Absolutism Will Definitely Kill 100% Of Us
(Or at least, it's probably not a good thing overall.)
This tweet from mid-January is making steady rounds among the right-wing grifter set as evidence that the World Health Organization is in the bag for the Chinese government and nothing they say now can or should be trusted:
You'll see that tweet being QTed (quote-tweeted) or included as a screenshot alongside the claim that the WHO told us that there was no human-to-human transmission or that human-to-human transmission is impossible. If you read the tweet, though, you might notice it doesn't say anything like that.
Now, I don't know that the information it contains wasn't manipulated but I wonder how they are so certain it was pure propaganda and why they treat it as if it says something that is definitely factually untrue. It doesn't rule out human-to-human transmission. It doesn't say that anybody had done so and it doesn't declare the matter closed.
Everything in that tweet is measured and nuanced: preliminary investigation has found no clear evidence. That means "we don't know yet and we're still looking." It's not an all-clear. It's not the final word, it's the preliminary word. Approximately two weeks after the virus was identified, certainty and clarity were bound to be in short supply.
Might it have been irresponsible of the WHO to broadcast that message in that fashion? Possibly. But if so, only because they did not take into account how their nuance would fail to translate to audiences who prefer to be certainly wrong than correct in measure.
This kind of absolutism is prevalent among a noisy and numerous segment of the Twitter population. Chloroquine-based treatments may yet be shown to have some validity, but to these people, they are the answer. A miracle drug. They either work or they don't, and if Trump is advancing them they must work, and if they work, they just work. Any discussion of someone who is sick with COVID-19 that attracts enough attention will inevitably attract replies going "Why aren't the doctors giving you hydroxychloroquine?"

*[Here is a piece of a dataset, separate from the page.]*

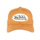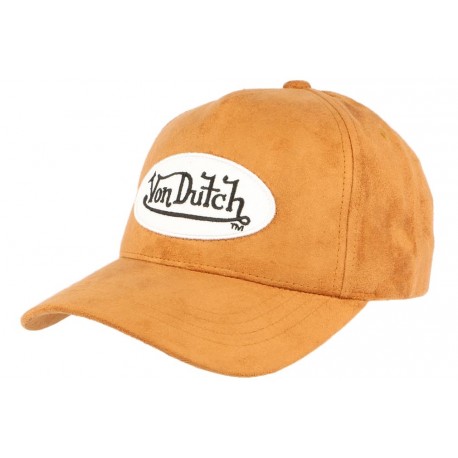 Casquette baseball Von Dutch marron clair modèle Suede, casquette americaine homme et femme avec visière curve esprit cuir de daim, patch logo Von Dutch noir et blanc.

Similarly, talk about who is "most vulnerable" to the virus gets framed in terms of absolutes. "The elderly are most vulnerable" becomes "the virus only kills the elderly." If we add in people with underlying conditions, then that becomes its own absolute: people imagine that there is a discrete category of such people and we can easily predict who the virus will kill and who it won't. And the survivor category becomes absolute, too: "people the virus won't kill" becomes "people the virus won't affect"... effectively, the world is reduced to people who will become very sick and possibly die and asymptomatic carriers.
In the face of this kind of absolutism, the solution to the pandemic becomes both obvious and simple: we can open up the country by simply quarantining the people the virus will affect and letting the people it won't affect go about their business. If the people it will affect get sick, we give them the magic miracle cure that definitely works.
And we don't listen to the WHO about why this plan won't work, because the WHO definitely lied to us.
Long-term followers of my writing know that I have a phrase I like to invoke in these situations: mostly the Sith deal predominantly but not exclusively in absolutes. And another one: no effect with just one cause and no cause with just one effect.
Both are ways of saying the same thing: life is messy. The world is complicated.
It's tempting, so tempting, to cut out the corner cases and treat the counterexamples as so many Spiders Georgs to be discounted. Human memory and human cognition both run towards streamlining as an optimization strategy, and in the face of something so vast and so threatening and so complicated as a global pandemic, any scrap of certainty is reassuring. Part of what is existentially terrifying about the situation we find ourselves in is the sheer volume and scale of the unknowns.
But when it comes to matters of life and death, it is better by far to embrace the uncertainty — to acknowledge that we don't know what we don't know — than it is to be confidently wrong. A person can be certain about something and still be certainly wrong about it.
There is no easy solution. The closest thing we have to a clear path forward is one that requires us to admit to uncertainty. The real road map for reopening the country doesn't involve a timetable because it requires us to take careful, cautious baby steps forward and at each stage, test, wait and see, and then adjust based on what we learn.
Defeating the virus is going to require us not to pick a model and stick with it because we're confident it's the right one but acknowledge that all models are wrong but some are, in certain situations, useful.
The absolutists among us point to the shifting models as a sign that the scientific approach has failed, or wasn't scientific, but we have to go with the model that's most useful in the moment and when we find a better one, switch to it.
The alternative to this humbling Socratic approach might bring more comfort in the short run, but in the long run it will only lengthen the period of time in which we are all at the mercy of the unknown.